The threadbare flag has taken on a life of its own. It has become a celebrity, arriving in Salt Lake City this week accompanied by two of the three Port Authority policemen who will help bring it into the stadium tonight. Plans are the flag, too fragile to be hoisted, will make its appearance during the national anthem and not as part of the athletes parade. The flag was last seen at last week's Super Bowl. It has also appeared flying over Yankee Stadium during the World Series.

But nowhere has it engendered so much debate as in Salt Lake City, its biggest international appearance. More than three billion viewers worldwide are expected to tune in to the Opening Ceremony.

Even before the flag idea was presented, talk swirled about these Games becoming a big American rally in the wake of Sept. 11. Other nations, who also lost citizens in the attacks, have not objected to bringing in the flag and have been supportive of American athletes.

"We are in the United States of America, we are guests of the United States of America and the ceremony for the flag will be an homage to the flag of the United States of America," said Jacques Rogge, IOC president, on Thursday. "It is no departure from what is normally in the Olympic program. We see absolutely no problem. On the contrary, we understand the deep emotion of the American public, but also other nations that have suffered casualties."

Americans haven't always had the world's sympathy because we have not always been gracious on the international stage, nor do we often realize it when we aren't. The 1984 Summer Olympics in Los Angeles, boycotted by the Soviet Union, became a medal extravaganza for the United States and Americans played it to the hilt.

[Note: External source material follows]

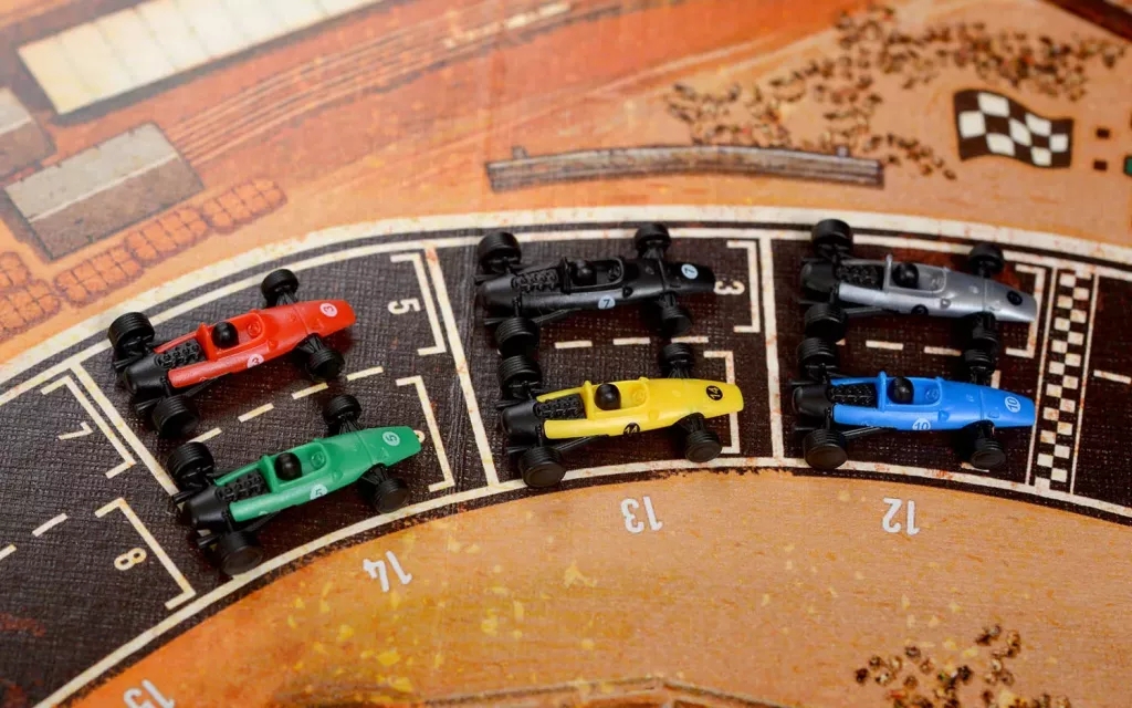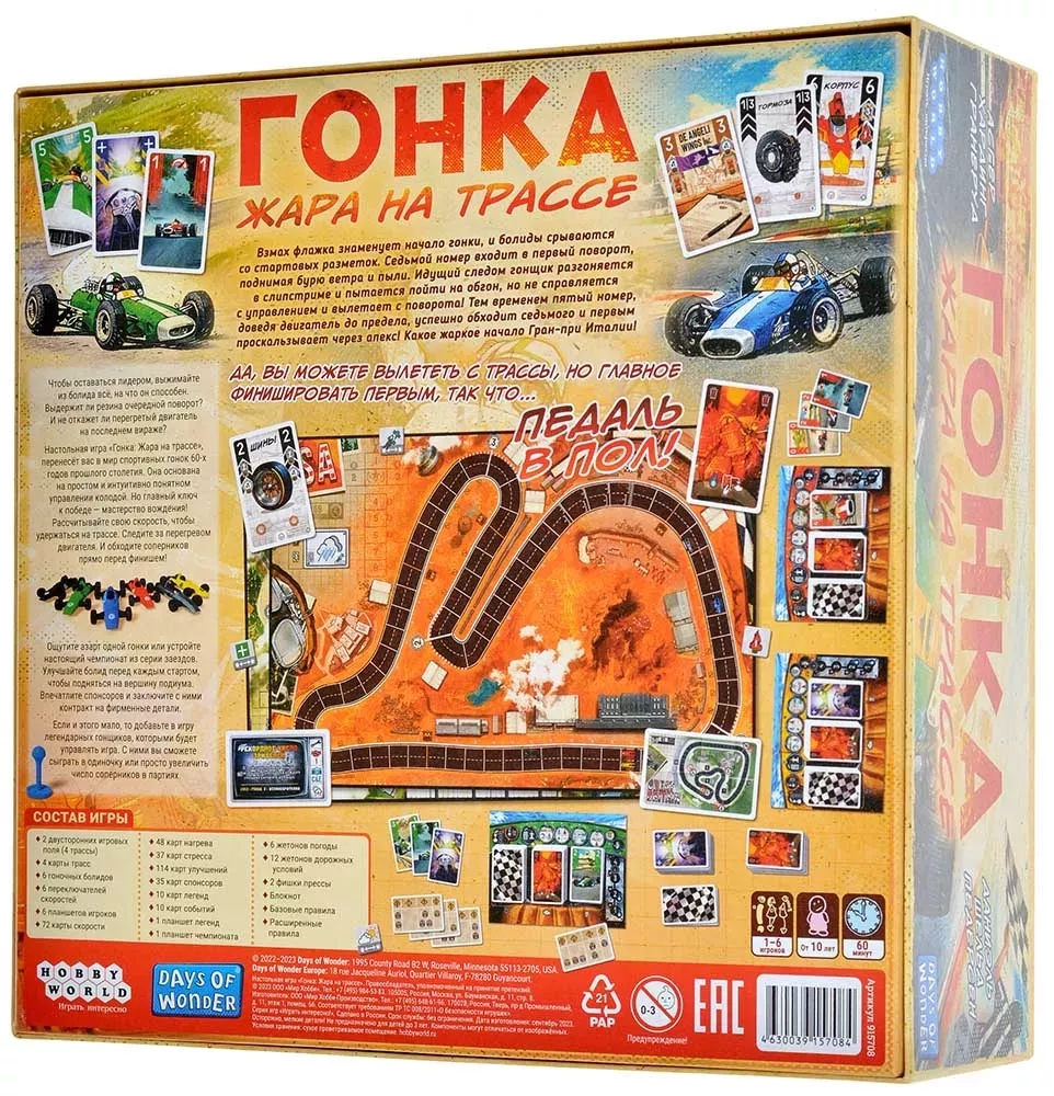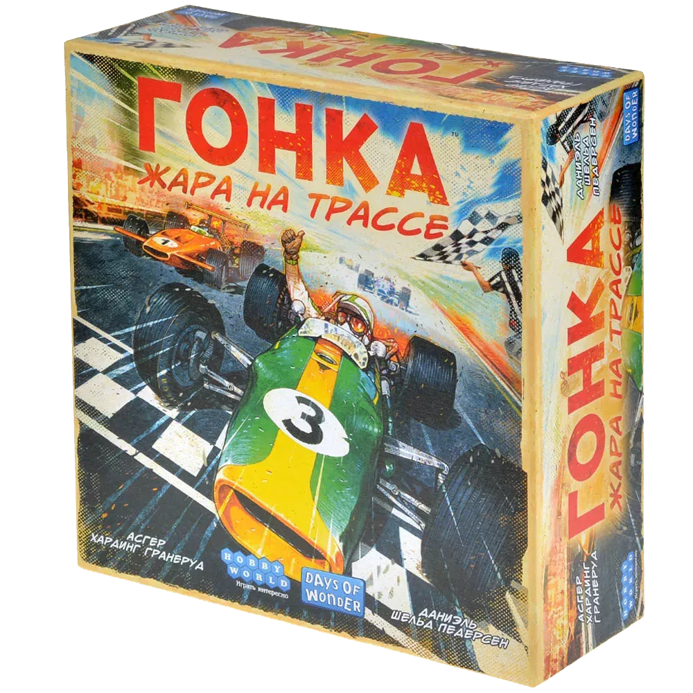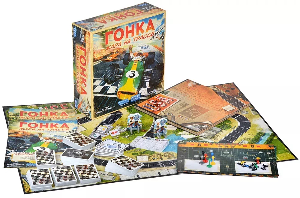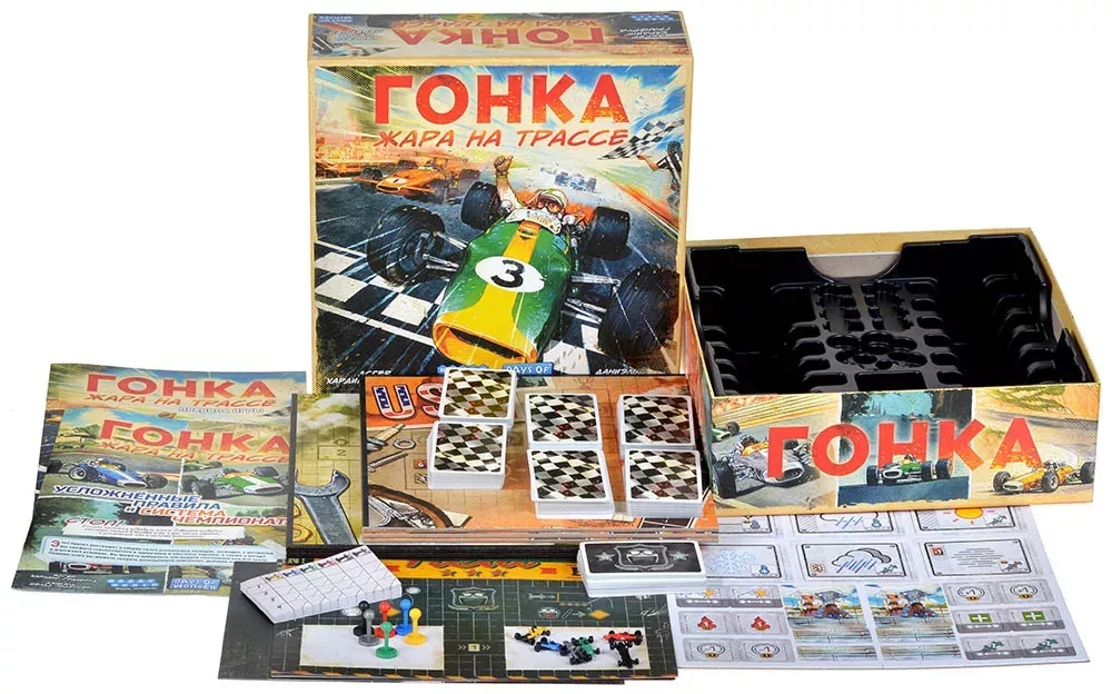 В настольной игре "Гонка: Жара на трассе" вас ждёт скорость, скорость и ещё раз скорость! Перенеситесь в мир автоспорта 60-х годов, сядьте за руль собственного болида и станьте героем всех гоночных треков! Но помните, что "газ в пол" – не единственная стратегия, которой нужно придерживаться: хватит ли резины на ещё один занос? Не накроется ли перегретый двигатель в самый неподходящий момент? Да и хватит ли вам квалификации?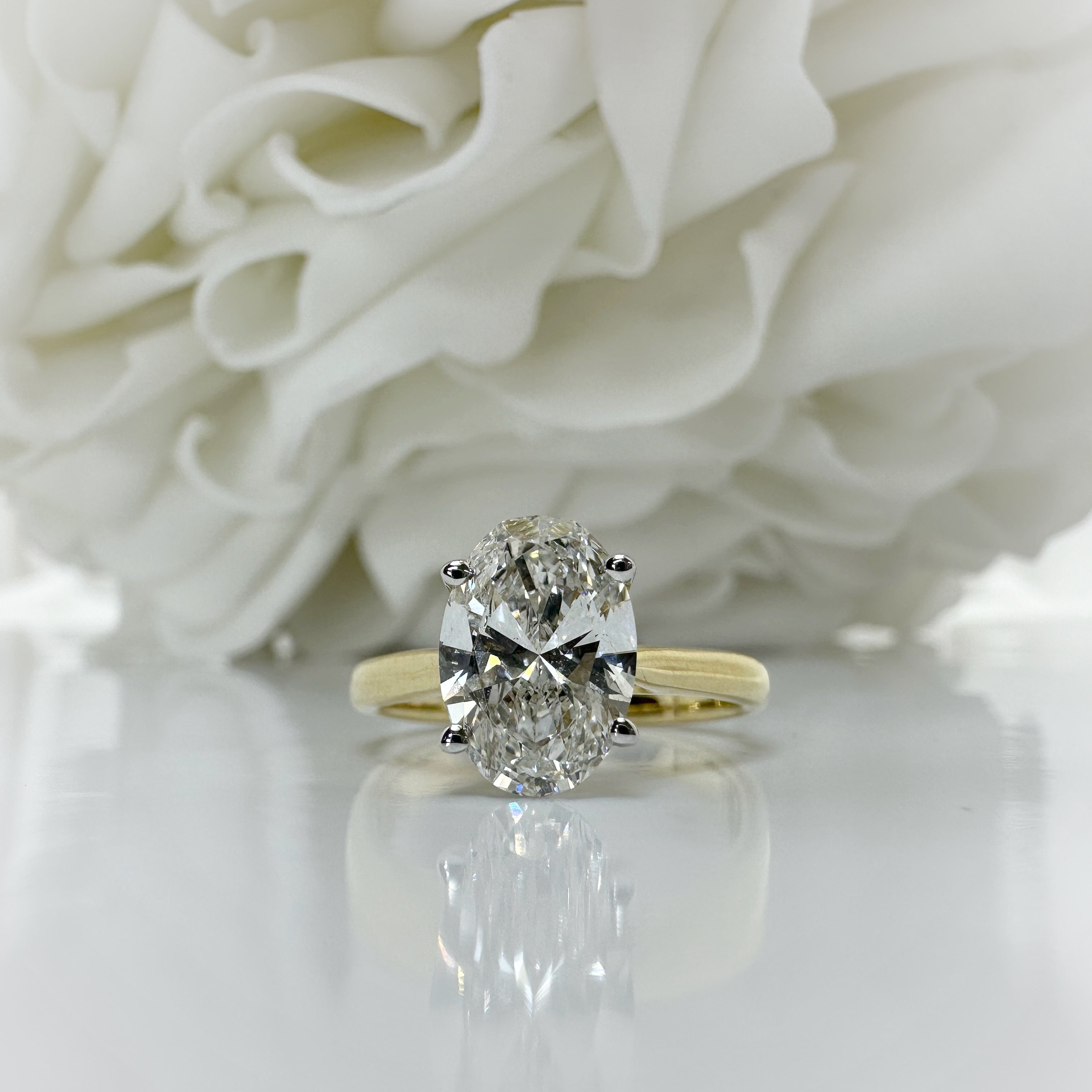 Go to the shop14k yellow gold solitaire oval cut lab grown diamond engagement ring. Set with a 2.00 carat LG oval diamond: F in color, VS2-SI1 in clarity, Excellent cut.

Then there are displays like those at Sydney, where American athletes crossed the line between patriotism and good taste. Spectators booed when members of the U.S. men's track-and-field relay team literally wrapped themselves in a flag and strutted and preened for cameras after winning gold. The athletes later apologized.

It's hard to be objective when you're watching the Olympics through red-, white- and blue-colored glasses, or through the lens of an NBC Sports camera. Don Mischler, director of the Opening Ceremony in Salt Lake, remembers watching the L.A. Opening Ceremony, his first, and swelling with patriotic pride. Then an IOC official later remarked that it was one of most jingoistic displays he'd ever seen. Mischler hasn't forgotten that, and is expected to show that restraint tonight.

USOC president Sandy Baldwin, a recently elected IOC member, says a balance can be struck in these Games, and the prominent display of the tattered flag tonight will prove it.

"I want our audience to be celebrating humanity and not just celebrating our country," she said.